Typically I was getting around 1.5moa for test groups with most ammunition. I did get some moa or better groups but not on a repeatable enough basis to consider it a moa or better rifle. I have used three different scopes on the rifle but most accuracy testing was with a SN-3 either in a 1.8-10x or 3.2-17x.

Total rounds to date are approx 1000, 200rds of misc. 'match', 175 and 168. Bulk of shooting has been with the Hornady 155 steel cased match. Three malfunctions, all with the same aluminum magazine, failure to feed on the last round in the magazine. Rifle was last cleaned at around 200rds.

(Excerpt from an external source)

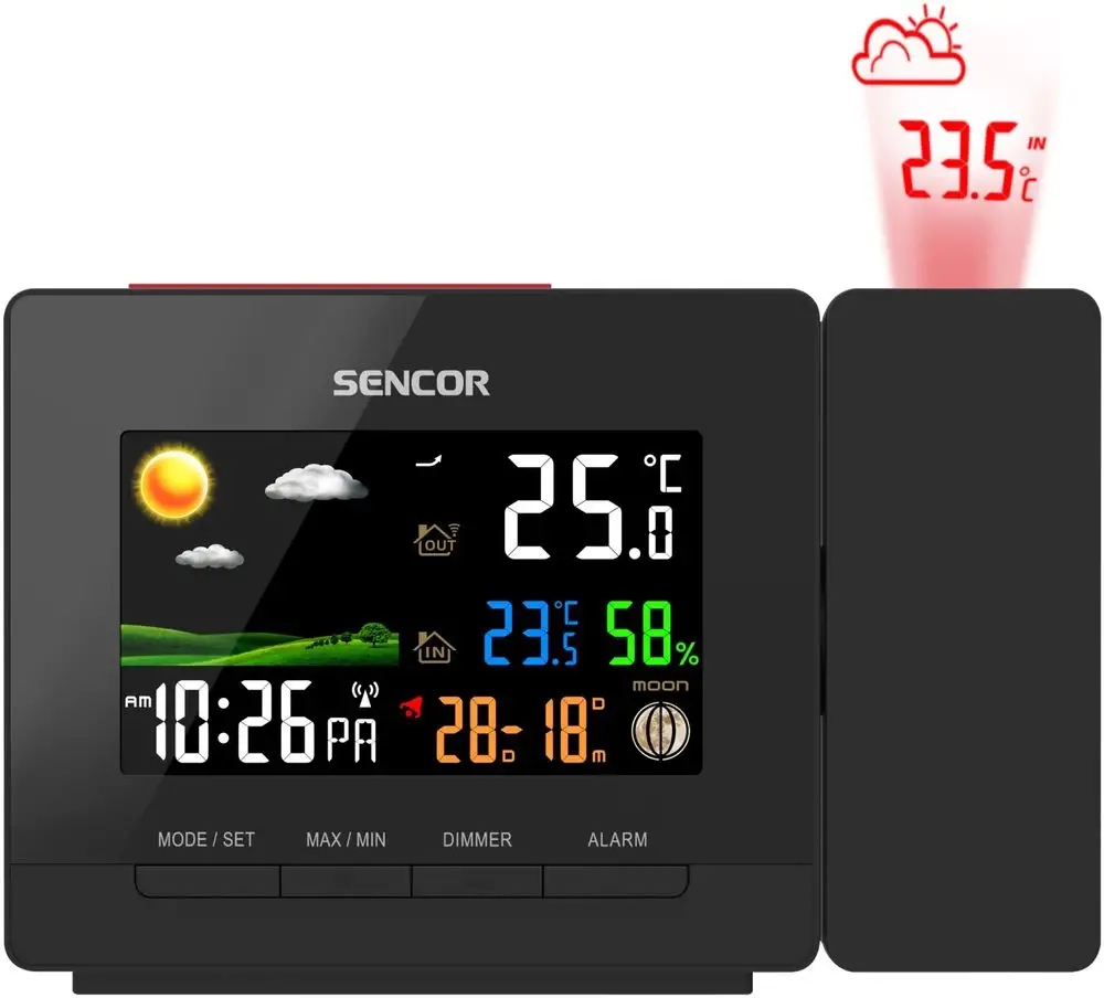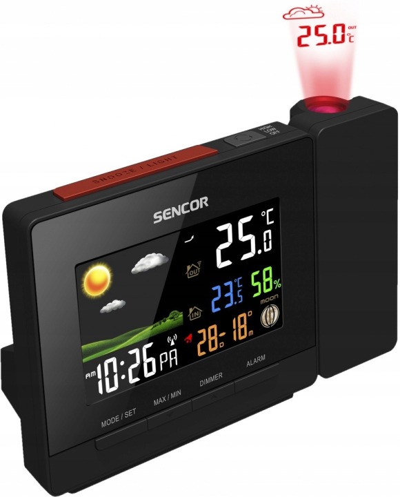 метеостанція з проекцією прогнозу погоди і часом або температурою

Lubrication is FrogLube

Shooting a 6rd drill at 10yds:






Last few days have been a few hundred rounds at ranges of under 25yds working on shot speed. The muzzle movement is noticeable and resulted in me having significant pauses in a string of fire or throwing a shot if I tried to force the pace. The above video shows both in action. I have already ordered a break from SureFire and a Battle Comp.

The PredatAR is capable of enough precision to meet most of my needs. The rifle seems much 'handier' especially with a small optic; Aimpoint, 1-4x, 1.8-10x etc. If a greater level of precision is needed then the OBR is the choice.






These were all shot last week, prone over a pack w/ rear bag. Both rifles had SN-3 1.8-10x scopes though different reticles. Neither rifle was zeroed for the ammunition.(OBR shot 1st and 3rd target)


----------